Your eyes could glaze over reading too much of that kind of listing, combined as it is with enumerations of various fighting forces and servants and retainers and elephants of various leaders and warlords. Like I said, little dramatic element. But reading between these lines, and paying attention, you realize that Nikitin suffered massive hardships in his endeavors to trade the riches of India with the riches of Russia. From being attached and plundered by “pagan Tartars” to becoming madly depressed over his “sinful” decision to give up his “true faith” of Russian Orthodoxy for Islam, you get the impression that Nikitin dragged himself over the seas and land by pure force of will, often hungry, always lonely and desperate to return to Russia, very often nearly losing his life. (Note: the conversion to Islam is unclear, but scholars studying the text have concluded that he very likely did, explaining why he constantly referred to his “sinful voyage.”)

Compare this with the over-hyped experiences of travel writers who throw themselves into possibly life-threatening situations (or at least physically endangering themselves) and then can’t wait to rush home and write about it. Lacking introspection as well as true observation, these books and articles have to hinge themselves on adventure travel because the days of true exploration are over, which, as I’ve mentioned before, can leave a sadder literary landscape.

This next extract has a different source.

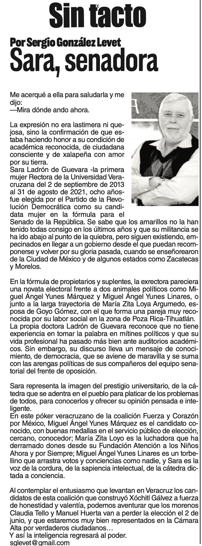 LAS COLUMNAS SIN TACTO | SARA, SENADORA - Me acerqué a ella para saludarla y me dijo: -Mira dónde ando ahora. La expresión no era lastimera ni quejosa... SARA, SENADORA... 5 marzo 2024 Más Noticias CANCIONERO | PIRATAS DEL CARIBE - A la pregunta de qué va a hacer con el petróleo que llevaba el barco tanque grandote llamado Skipper y con bandera falsa de Guyana, que sus fuerzas armadas... ACERTIJOS | LOS 51 AÑOS DE NOTIVER - Allá por los años 70s nacía Notiver. Un día Guadalupano por un asunto de festejo familiar. Desde aquel día de hace 51 años, que este 12 de diciembre se cumplen, el diario... TEXTO IRREVERENTE | - Monumental, mágico, misterioso y meritorio. Así definen arqueólogos y antropólogos a El Tajín, la ciudad prehispánica que se ubica cerca de Papantla, al norte veracruzano... A MIL POR HORA | - **Los duendes existen **Honrar al IMSS **Comadrita traviesa **Javier Duarte seguirá preso... TEXTO IRREVERENTE | CINCUENTA + UNO - La familia notiveriana está velando vísperas pues mañana es su fiesta magna, la que tiene lugar cada fin de otoño, ya pisando el invierno. El cumpleaños de NOTIVER comparte fecha... CANCIONERO | EL GOZO AL POZO...DE AGUA - Muy pronto se apagó el argüende mediático armado desde Palacio Nacional, en torno a la señora presidente con A de patria, celebrando con sonrisa pareja del primer ministro de Canadá, el bailoteo al ritmo de YMCA... SIN TACTO | 4T, LAS CUENTAS ALEGRES - Bueno, cuando menos podemos aceptar que los morenos en el poder tienen una capacidad: seguir al pie de la letra las instrucciones del librito que indica cómo responder y qué decir… ACERTIJOS | POR LOS 51 DE NOTIVER - Un día antes auguraban un gran Norte, que entró en lunes. Al iniciar semana. Cotidianamente llegó con mi hermano Enrique, con Fernando Pavón, biógrafo de Tierra Blanca y el amigo... 51 Y CONTANDO… | - Medio siglo y un año, no se escribe ni fácil ni sin derramar una que otra lagrimilla: 51 años de éste su periódico NOTIVER. La Noticia en el momento que sucede, es un acontecimiento más... A MIL POR HORA | - **Migrante exitoso **Genio universal **Manipulador de mujeres **Ley vs vapeadores...

With a background of a home they will assuredly return to, most travel writers who follow this path fail to reach the desperate pitch of a muted and untrained 15th-century resident lost and hungry in a foreign land, who dragged himself home mile by mile and died before making it back to his hometown. The irony is that, when true adventure was possible, it wasn’t held to be admirable or desirable. Further irony — it’s almost depressing to know that in 2006 an Indian organization retraced Nikitin’s journey … by driving in SUVs.

Nobody sold Nikitin a package tour to India, touting hobnobbing with natives, and the risks he took were not to alleviate a privileged white boy’s malaise, but to expand the glory of his home country and bring something of the outside world back.

Of course, it’s debatable whether real exploration or adventure travel is more desirable. The former very possibly does more damage than the latter, as adventure travel has a vested interest in preserving wilderness and culture. But the writing is another thing entirely. It’s hard to take seriously so much of our modern adventure travel, written as it is with so little knowledge and historical context, when compared with the adventurers and explorers of bygone ages, people with a thirst to learn about a reachable speck of foreign lands, not just the limits of their physical capabilities.